A Poem for the New Year
I three places
I have bold & even embarrassingly open-hearted things to tell all of you, so please forgive me if I get altogether too festive along the way… But first of all, a cheers! & a raised glass to all of you from sunny Ko Chang, where I’m swimming & getting blunted & drinking in the perfection of creation, growing mad & savage from the shore, or trembling in the water & rolling sleepily across the surf, or strolling divinely half-clad along the beach… Living lazily & lustily & finally turning my pen to the task of saluting the coming year, & coaxing out the surging, boiling spaces opening in me at the thought of it.
Another raised glass & a ‘shin nyin quai le!’ to those in Taiwan! School & work let out there for the new year & everyone was happy. There were fireworks all day in the streets for a week. We were free from teaching & some of us hung around for awhile; cruised out to the coast on our bikes one day & saw everyone cleaning house, burning garbage, taking out trash, & burning ghost money for their families’ dead. This was the time of year to do those things. Whizzing through & thinking about Confucius rightly saying that ritual gives meaning to life. Drunks staggered alongside the road… shin nyin quai le! indeed. Boys fired bottle rockets over our heads & whooped.

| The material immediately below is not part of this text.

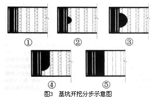 图3 基坑开挖分步示意图
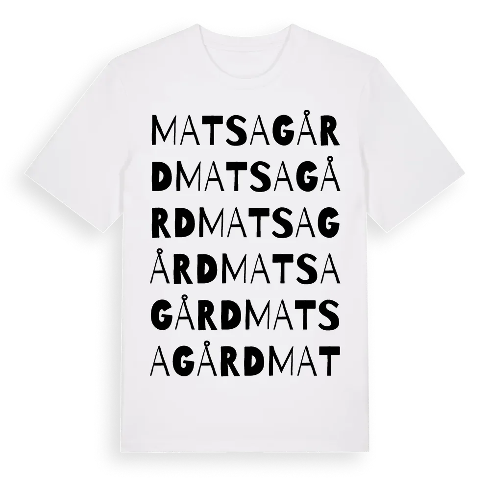 Matsagård ordlek t-shirt är inspirerad av Matsagård i Hallands län, Sverige. Tröjan är designad för dig som har en speciell koppling till platsen – oavsett om du bor här, har rötterna här eller bara älskar Matsagård.

Laying in bed one night hearing the fireworks go off… a crackling booming surge of them over the crickets, splitting & scattering through the buildings & groves, thinking yeah! So crazy; the night so silent & twittering, & mankind throwing these rollicking, pealing, raging noises into it!
The boys on the street lighting them & backing away,
lean & scared & excited,
laughing & touching &
beautiful in its own way, like everything that is.
thinking of heaven coming down in
So let’s raise the roof, friends, or tear it off altogether… A final toast to stop my rambling, to all the folks back home & everyone making the trip; I’ll see you this year at the fair; wouldn’t miss it…
II another year
the patient steady urge of life,
work against weight,
taste of salt on the lips,
the toughening of the body,
the spirit of pitching in & singing,
the way the mind falls steadily in pace alongside work,
& the limitless reserve of will lying therein.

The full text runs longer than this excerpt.